Resetting values can make it easier to understand the data. Comparing two 8 digit numbers is much harder than comparing two 2 digit numbers.
How to expose data
Java has a Java Management eXtension (JMX) for reporting management information. It looks very well designed, is easy to use, and very compact! There is an extensive document from Oracle here.
I found Basic Introduction to JMX by Baeldung , was an excellent article with code samples on GitHub. I got these working in Eclipse within an hour!
The principal behind JMX is …
For each field you want to expose you have a get… method.
You define an interface with name class| |”MBean” which defines all of the methods for displaying the data.
public interface myClassMBean {
public String getOwner();
public int getMaxSize();
}
You define the class and the methods to expose the data.

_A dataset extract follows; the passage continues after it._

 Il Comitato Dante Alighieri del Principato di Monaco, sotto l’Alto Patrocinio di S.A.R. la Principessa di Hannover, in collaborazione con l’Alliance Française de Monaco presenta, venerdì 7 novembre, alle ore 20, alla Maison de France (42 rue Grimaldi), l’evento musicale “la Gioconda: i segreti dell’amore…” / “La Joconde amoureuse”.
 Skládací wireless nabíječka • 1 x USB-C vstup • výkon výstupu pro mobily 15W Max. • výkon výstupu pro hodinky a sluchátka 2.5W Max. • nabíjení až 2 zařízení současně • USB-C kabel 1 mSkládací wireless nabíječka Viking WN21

public class myClass implements myClassMBean{
…
// and the methods to expose the data
public String getOwner() {
return fileOwner;
}public int getMaxSize() {
return fileSize;
}}
And you tell JMX to implement it
myClass myClassInstance = new myClass(); // create the instance of myClass
MBeanServer server = ManagementFactory.getPlatformMBeanServer();
ObjectName objectName =….
server.registerMBean(myClassInstance, objectName);
Where myClassInstance is a class instance. The JMX code extracts the name of the class from the object, and can the identify all the methods defined in the class||”MBean” interface. Tools like jconsole can then query these methods, and invoke them.

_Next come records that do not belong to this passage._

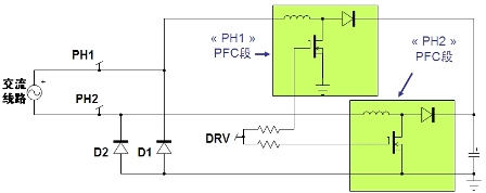圖3:傳統(tǒng)的無橋PFC結(jié)構(gòu)示意圖。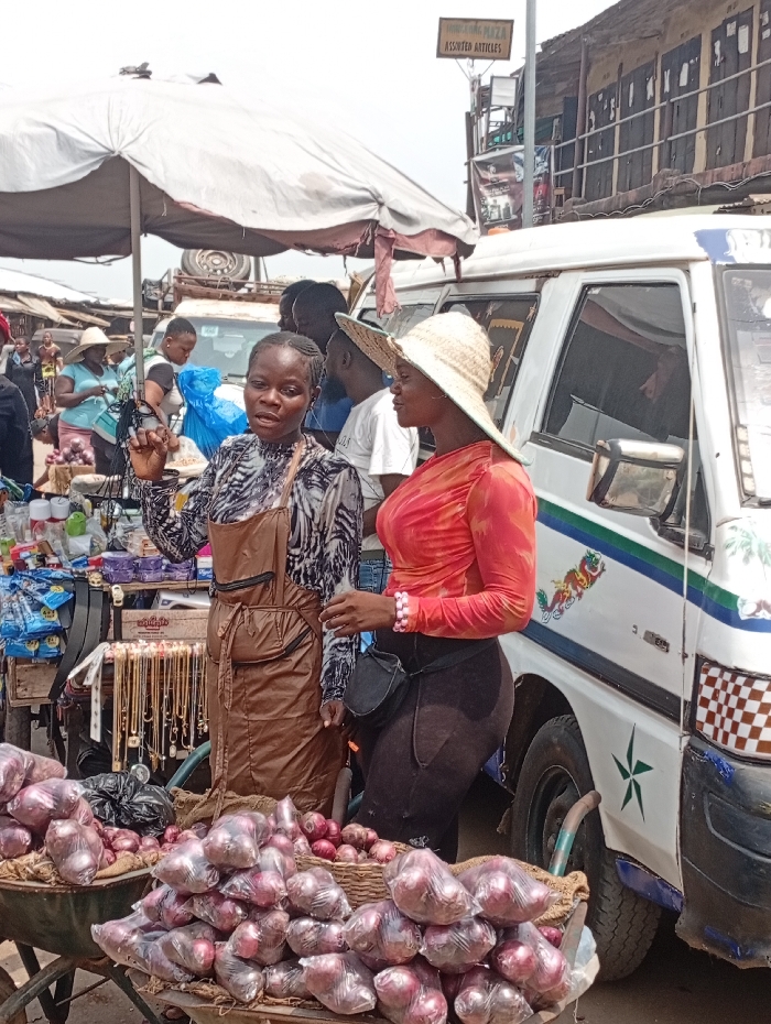 This image captures a bustling outdoor market scene in Onitsha, Nigeria, specifically near the "Akaraka Maza Assorted Articles" section, as indicated by a prominent overhead sign. In the foreground, two women are engaged in an interaction. The woman on the left, with dark braided hair and wearing a patterned long-sleeved top over a brown overall-style garment, is speaking and gesturing with her raised left hand. To her right, a second woman, wearing a wide-brimmed straw hat, an orange and red tie-dye long-sleeved top, dark pants, and a black sling bag, is listening attentively. Her right wrist displays multiple pink bracelets. Immediately in front of them, a large quantity of red onions, individually wrapped in clear plastic bags, is piled on a green metal wheelbarrow and a basket. Behind the speaking woman, a market stall displays various items, including multiple gold-colored necklaces and pendants hanging on a stand, and other packaged goods in plastic containers. To the right of the women, a white utility van or minibus with blue stripes and decorative decals, including a green star and a checkered pattern near the rear wheel, is parked. In the mid-ground and background, several other individuals, mostly women, are visible, some wearing straw hats, moving within the market. A large, light-colored market umbrella shades the foreground area. Further in the background, commercial structures or stalls with darkened windows/doorways and corrugated roofs line the area under an overcast sky. The ground surface appears unpaved.
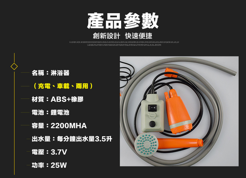 4.直接打開電源帶動微型抽水泵,適用於自駕戶外野營淋浴、海泳後臨時洗浴(建議配套專用的戶外淋浴帳篷或更衣帳篷使用),洗車、澆花等。

ObjectName is an object like
ObjectName objectName = new ObjectName(“ColinJava:type=files,name=onefile”);
Where “ColinJava” is a high level element, “type” is a category, and “name” is the description of the instance .
That’s it.
When you use jconsole ( or other tools) to display it you get

You could have
MBeanServer server = ManagementFactory.getPlatformMBeanServer();
ObjectName bigPoolName = new ObjectName(“ColinJava:type=threadpool,name=BigPool”);
server.registerMBean(bigpoolInstance, bigPoolName);ObjectName medPoolName = new ObjectName(“ColinJava:type=threadpool,name=MedPool”);
server.registerMBean(medpoolInstance, medPoolname);ObjectName smPoolName = new ObjectName(“ColinJava:type=threadpool,name=SmallPool”);
server.registerMBean(smallpoolInstance,smPoolName);
This would display the stats data for three pools
- ColinJava
- threadpool
- Bigpool..
- MedPool….
- SmallPool…
- threadpool
And so build up a tree like
- ColinJava
- threadpool
- Bigpool..
- MedPool….
- SmallPool…
- Userids
- Userid+password
- Certificate
- Applications
- Application 1
- Application 2
- Errors
- Applications
- Authentication
- threadpool
You can also have set…() methods to set values, but you need to be more careful; checking authorities, and possibly synchronising updates with other concurrent activity.
You can also have methods like resetStats() which show up within jconsole as Operations.

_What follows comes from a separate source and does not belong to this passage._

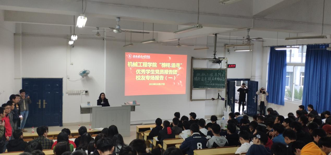为充分发挥优秀校友示范引领作用,营造良好的的学风校风。10月27日下午,机械工程学院在明志楼223教室,举办“榜样、追寻”优秀学生党员报告团校友专场报告会。韦俊生、周国王、蒙煜亮、黄增威四位优秀校友做报...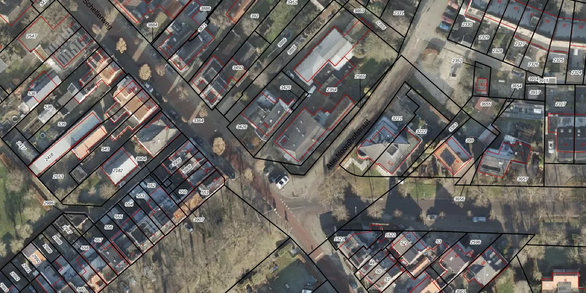 Gebruik de zoekbalk of klik op een perceel voor informatie over de adressen binnen dit perceel.

How do I build up the list of what is needed?
It is easy to expose data values which have little value. I remember MQ had a field in the statistics “Number of times the hash table changed”. I never found a use for this. Other times I thought “If only we had a count of ……”
You can collect information from problems reported to you. “It was hard to diagnose because… if we had the count of … the end user could have fixed it without calling us”.
Your performance team is another good source of candidates fields. Part of the performance team’s job is to identify statistics to make it easier to tune the system, and reduce the resources used. It is not just about identifying hot spots.
Before you implement the collection of data, you could present to your team on how the data will be used, and produce some typical graphs. You should get some good feedback, even if it is “I dont understand it”.
What can I use to display the data
There are several ways of displaying the data.
- jconsole – which comes as part of Java can display the data in a window
- python – you can issue a query can capture the data. I have this set up to capture the data every 10 seconds
- other tools using the standard interfaces.